I hope you readers aren’t too bored by this point. I’m going somewhere with this train of thought and it isn’t just self-promotion, although it may sound like it. President Bill Clinton was quoted as saying, “Ah feel your pain.” In his position he wasn’t sharing the pain. He was above it. I have to confess that I am sharing your pain. My business is off too. My wife and I are in a position we haven’t been in for thirty years. We are struggling to make ends meet. We share your pain.

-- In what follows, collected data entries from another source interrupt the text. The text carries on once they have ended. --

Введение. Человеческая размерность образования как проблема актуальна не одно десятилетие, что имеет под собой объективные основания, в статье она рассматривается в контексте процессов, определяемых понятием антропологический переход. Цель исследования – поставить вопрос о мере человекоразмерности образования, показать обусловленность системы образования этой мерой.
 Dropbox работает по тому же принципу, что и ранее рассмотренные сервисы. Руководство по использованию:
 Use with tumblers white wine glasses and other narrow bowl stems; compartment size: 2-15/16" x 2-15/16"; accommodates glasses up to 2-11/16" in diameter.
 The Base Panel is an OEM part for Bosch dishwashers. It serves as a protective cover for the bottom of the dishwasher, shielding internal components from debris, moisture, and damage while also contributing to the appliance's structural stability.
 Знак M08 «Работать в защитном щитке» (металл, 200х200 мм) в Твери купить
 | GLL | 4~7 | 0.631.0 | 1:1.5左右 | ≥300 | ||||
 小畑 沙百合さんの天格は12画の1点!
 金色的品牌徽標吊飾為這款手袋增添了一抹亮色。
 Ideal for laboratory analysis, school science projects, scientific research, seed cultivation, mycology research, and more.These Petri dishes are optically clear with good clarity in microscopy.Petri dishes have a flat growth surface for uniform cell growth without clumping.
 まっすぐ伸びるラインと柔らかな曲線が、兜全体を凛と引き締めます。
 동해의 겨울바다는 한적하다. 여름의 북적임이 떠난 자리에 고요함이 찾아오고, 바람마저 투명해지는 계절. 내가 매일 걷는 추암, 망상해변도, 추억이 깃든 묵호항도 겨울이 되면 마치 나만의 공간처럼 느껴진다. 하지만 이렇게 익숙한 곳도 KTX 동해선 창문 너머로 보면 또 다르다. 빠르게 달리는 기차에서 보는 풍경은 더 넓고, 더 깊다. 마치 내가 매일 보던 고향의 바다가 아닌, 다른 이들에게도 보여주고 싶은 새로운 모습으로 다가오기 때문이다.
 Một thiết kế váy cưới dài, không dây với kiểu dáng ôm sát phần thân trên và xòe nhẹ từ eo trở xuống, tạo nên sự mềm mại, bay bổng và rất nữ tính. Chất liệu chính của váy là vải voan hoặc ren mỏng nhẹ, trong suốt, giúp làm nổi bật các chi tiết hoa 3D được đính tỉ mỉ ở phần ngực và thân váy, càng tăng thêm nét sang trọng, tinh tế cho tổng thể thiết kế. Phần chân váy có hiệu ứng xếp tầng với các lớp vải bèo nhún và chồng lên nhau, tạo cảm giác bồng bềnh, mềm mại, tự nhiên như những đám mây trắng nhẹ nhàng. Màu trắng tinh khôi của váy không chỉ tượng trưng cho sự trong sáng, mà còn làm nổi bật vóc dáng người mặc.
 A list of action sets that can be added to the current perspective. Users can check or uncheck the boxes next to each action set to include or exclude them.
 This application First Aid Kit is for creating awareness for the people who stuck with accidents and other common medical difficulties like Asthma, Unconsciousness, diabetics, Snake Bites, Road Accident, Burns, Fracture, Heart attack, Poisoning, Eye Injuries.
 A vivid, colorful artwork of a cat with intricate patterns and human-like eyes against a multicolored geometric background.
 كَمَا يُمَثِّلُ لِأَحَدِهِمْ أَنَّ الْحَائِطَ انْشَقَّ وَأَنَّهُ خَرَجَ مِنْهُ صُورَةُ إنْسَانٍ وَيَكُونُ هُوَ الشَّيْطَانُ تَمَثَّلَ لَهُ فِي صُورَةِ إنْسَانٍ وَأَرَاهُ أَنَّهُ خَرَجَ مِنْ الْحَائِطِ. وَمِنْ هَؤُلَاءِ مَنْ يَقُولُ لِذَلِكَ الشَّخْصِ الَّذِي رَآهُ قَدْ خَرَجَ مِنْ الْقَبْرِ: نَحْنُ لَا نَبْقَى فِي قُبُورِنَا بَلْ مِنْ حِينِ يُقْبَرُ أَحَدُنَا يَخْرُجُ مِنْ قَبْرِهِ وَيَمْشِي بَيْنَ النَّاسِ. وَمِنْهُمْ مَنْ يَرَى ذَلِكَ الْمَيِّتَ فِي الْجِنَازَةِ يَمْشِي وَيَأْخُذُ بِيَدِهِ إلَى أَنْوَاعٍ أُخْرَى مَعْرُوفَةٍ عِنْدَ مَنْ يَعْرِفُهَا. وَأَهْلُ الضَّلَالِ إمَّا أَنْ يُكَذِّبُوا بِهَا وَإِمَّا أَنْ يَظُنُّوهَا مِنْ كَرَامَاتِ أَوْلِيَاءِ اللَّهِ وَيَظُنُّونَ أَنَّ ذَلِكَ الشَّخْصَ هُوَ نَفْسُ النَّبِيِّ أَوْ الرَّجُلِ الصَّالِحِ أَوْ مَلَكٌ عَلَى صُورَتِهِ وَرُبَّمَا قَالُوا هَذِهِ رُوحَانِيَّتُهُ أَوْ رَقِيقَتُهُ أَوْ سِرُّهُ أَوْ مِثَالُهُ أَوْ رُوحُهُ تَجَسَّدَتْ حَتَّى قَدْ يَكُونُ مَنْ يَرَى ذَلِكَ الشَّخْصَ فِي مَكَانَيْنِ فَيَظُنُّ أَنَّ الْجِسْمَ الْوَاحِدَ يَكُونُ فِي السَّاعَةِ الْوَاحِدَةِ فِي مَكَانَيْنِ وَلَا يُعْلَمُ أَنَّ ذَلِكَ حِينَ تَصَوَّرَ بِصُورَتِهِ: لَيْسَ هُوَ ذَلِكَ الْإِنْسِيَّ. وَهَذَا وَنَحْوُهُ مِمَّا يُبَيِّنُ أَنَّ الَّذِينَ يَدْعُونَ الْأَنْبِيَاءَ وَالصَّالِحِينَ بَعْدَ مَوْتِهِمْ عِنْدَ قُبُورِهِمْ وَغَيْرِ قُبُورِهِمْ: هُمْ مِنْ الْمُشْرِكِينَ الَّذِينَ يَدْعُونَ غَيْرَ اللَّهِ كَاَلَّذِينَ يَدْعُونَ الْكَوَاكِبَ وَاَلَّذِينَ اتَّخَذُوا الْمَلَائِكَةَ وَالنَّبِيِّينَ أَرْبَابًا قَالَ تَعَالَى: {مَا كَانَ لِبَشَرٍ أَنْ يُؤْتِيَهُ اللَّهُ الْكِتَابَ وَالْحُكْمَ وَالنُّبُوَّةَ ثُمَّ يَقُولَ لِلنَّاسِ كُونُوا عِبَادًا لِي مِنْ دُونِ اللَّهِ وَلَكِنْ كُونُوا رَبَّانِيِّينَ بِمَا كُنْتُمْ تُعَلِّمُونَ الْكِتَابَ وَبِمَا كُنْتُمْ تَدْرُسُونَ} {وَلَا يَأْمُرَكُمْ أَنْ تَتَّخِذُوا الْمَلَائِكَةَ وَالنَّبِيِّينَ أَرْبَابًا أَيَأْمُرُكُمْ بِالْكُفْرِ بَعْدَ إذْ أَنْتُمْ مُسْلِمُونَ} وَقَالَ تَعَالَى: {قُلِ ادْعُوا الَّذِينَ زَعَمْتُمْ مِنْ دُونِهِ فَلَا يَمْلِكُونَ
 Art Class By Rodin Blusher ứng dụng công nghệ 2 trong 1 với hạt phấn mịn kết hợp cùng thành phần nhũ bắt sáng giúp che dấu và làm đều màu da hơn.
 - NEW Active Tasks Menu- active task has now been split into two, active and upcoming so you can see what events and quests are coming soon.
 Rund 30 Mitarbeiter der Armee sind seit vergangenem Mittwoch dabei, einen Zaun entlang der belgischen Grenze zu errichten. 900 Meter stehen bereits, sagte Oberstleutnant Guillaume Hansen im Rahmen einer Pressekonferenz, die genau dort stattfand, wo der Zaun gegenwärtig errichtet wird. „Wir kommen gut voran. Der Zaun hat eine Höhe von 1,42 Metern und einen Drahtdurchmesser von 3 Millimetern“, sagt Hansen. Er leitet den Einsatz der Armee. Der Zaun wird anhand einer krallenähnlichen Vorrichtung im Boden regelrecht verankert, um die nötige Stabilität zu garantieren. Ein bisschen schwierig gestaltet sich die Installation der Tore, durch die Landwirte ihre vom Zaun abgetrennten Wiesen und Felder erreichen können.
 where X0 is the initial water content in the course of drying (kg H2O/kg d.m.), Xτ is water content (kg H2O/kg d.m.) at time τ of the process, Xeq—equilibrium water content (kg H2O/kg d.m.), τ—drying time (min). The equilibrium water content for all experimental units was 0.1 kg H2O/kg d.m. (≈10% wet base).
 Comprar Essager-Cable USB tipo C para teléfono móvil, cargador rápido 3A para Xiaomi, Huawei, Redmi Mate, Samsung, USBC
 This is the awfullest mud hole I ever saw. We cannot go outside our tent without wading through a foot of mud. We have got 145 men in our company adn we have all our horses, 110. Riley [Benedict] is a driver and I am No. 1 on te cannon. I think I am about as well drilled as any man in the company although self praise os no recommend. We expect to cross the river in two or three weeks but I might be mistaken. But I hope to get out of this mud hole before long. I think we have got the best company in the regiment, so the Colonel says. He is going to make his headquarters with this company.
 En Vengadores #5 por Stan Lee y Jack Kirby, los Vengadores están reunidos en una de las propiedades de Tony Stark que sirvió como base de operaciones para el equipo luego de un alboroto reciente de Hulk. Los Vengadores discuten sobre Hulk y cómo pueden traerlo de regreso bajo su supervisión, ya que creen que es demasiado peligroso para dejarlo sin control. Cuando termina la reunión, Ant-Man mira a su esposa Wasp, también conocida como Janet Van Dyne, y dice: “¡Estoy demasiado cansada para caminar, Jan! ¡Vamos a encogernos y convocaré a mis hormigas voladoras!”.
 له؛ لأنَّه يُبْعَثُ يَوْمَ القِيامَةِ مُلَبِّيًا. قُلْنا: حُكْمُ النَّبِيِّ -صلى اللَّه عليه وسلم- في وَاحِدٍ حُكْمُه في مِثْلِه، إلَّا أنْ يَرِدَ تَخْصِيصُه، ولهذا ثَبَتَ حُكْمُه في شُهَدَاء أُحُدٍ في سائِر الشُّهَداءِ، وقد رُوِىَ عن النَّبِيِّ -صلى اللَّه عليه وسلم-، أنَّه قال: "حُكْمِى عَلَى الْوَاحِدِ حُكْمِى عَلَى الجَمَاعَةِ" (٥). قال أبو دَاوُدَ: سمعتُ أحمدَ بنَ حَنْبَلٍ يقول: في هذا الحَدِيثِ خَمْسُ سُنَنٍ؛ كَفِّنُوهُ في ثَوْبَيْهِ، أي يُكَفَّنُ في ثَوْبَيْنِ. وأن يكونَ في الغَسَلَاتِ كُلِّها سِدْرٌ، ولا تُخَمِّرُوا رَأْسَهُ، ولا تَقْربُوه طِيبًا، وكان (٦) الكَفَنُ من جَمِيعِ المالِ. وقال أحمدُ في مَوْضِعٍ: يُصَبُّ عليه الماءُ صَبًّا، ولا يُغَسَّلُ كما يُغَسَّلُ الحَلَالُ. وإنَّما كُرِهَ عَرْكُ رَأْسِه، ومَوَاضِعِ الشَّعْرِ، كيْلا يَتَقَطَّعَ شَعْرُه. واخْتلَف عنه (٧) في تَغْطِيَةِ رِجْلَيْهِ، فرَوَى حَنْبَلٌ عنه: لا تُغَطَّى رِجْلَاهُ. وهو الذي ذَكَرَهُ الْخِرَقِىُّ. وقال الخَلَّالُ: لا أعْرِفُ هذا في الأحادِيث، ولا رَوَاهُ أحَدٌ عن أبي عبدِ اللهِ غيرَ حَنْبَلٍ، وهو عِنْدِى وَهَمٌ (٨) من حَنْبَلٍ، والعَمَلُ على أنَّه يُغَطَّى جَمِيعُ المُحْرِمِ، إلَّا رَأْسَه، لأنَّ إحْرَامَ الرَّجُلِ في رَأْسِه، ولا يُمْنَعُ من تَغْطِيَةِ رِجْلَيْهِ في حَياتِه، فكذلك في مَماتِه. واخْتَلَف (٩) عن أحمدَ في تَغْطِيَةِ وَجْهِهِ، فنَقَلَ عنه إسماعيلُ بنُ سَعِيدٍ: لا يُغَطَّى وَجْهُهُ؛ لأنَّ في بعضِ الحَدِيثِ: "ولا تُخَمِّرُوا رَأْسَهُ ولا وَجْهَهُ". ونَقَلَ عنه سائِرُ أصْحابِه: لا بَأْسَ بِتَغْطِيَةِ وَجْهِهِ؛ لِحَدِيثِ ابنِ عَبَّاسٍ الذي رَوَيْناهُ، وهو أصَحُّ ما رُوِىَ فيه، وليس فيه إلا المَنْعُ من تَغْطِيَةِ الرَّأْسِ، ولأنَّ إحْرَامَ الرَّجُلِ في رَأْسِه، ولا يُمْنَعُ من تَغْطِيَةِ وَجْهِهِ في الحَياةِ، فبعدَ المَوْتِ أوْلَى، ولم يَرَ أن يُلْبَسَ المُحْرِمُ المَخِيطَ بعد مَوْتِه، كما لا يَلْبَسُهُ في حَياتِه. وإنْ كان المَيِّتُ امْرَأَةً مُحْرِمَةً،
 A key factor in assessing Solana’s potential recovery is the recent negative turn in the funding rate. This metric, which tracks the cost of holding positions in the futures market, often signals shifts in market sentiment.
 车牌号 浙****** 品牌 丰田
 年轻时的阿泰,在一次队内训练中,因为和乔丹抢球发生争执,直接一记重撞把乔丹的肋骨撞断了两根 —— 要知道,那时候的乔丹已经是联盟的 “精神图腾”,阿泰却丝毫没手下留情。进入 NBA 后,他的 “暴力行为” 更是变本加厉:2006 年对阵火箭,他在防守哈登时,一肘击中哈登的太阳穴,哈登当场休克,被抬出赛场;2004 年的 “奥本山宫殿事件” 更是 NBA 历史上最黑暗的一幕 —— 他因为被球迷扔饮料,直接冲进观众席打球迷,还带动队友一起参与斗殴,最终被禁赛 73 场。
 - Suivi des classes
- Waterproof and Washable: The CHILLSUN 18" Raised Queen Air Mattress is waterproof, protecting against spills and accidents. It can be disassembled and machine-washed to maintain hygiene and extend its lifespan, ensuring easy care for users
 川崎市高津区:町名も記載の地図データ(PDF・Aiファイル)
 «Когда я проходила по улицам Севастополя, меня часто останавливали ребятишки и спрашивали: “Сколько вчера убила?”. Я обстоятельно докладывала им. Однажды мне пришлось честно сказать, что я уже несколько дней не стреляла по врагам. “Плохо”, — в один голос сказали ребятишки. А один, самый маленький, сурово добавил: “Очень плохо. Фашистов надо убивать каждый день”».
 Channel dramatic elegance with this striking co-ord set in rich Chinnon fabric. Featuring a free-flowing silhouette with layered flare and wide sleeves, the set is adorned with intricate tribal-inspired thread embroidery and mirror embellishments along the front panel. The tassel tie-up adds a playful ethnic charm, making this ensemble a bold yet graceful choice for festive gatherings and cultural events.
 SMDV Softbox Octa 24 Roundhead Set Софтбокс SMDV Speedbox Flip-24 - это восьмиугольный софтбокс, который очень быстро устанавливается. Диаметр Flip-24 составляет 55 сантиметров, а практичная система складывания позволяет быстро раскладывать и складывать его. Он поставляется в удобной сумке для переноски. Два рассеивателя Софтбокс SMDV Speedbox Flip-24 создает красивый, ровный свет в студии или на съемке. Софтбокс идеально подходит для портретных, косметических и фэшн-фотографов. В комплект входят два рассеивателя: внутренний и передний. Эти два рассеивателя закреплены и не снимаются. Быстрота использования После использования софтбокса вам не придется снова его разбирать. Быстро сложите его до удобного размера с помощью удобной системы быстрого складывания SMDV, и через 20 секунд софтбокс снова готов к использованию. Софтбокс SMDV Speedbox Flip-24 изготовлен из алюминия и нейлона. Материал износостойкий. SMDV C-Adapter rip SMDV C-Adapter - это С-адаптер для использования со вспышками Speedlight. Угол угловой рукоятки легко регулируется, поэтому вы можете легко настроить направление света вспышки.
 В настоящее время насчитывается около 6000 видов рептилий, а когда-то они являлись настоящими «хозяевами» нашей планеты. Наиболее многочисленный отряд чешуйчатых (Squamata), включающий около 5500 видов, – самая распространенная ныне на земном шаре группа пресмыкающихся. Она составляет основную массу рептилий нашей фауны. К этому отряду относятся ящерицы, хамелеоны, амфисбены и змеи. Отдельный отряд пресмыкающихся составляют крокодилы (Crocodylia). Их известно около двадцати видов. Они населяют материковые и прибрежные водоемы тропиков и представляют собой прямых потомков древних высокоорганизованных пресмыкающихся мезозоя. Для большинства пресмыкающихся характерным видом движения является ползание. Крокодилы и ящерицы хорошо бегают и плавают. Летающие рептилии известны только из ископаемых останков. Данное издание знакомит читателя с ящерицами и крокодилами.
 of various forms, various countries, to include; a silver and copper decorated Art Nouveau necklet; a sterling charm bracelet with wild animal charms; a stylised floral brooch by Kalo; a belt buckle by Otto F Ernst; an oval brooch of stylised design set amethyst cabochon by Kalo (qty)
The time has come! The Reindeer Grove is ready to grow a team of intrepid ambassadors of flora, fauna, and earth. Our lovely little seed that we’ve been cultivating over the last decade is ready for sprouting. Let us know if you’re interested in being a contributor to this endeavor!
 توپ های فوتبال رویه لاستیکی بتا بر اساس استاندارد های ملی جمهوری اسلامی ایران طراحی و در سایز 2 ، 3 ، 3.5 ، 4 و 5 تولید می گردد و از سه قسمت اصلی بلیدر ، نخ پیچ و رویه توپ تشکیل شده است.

What are we doing about it? We are trying to implement some, and I hate to trivialize it with a cliche`, out-of-the-box thinking. We are attempting to establish multiple income streams and redefining our service. Would we have done this if we weren’t faced with the current difficulties? Nope. Adversity is the mother of invention, not to take anything away from Plato who said, “Necessity is the mother of invention.” And when the dust settles, what will the printing industry look like? Truly, I don’t know. I can make some guesses which may or may not be right, but I am optimistic about the future. Upheavals present challenges, challenges lead to new thinking, and new thinking leads to improvement. The printers who survive will be leaner, more efficient, and I hope, more prosperous. It’s not that that we have a choice. Innovate or die. That’s the only choice.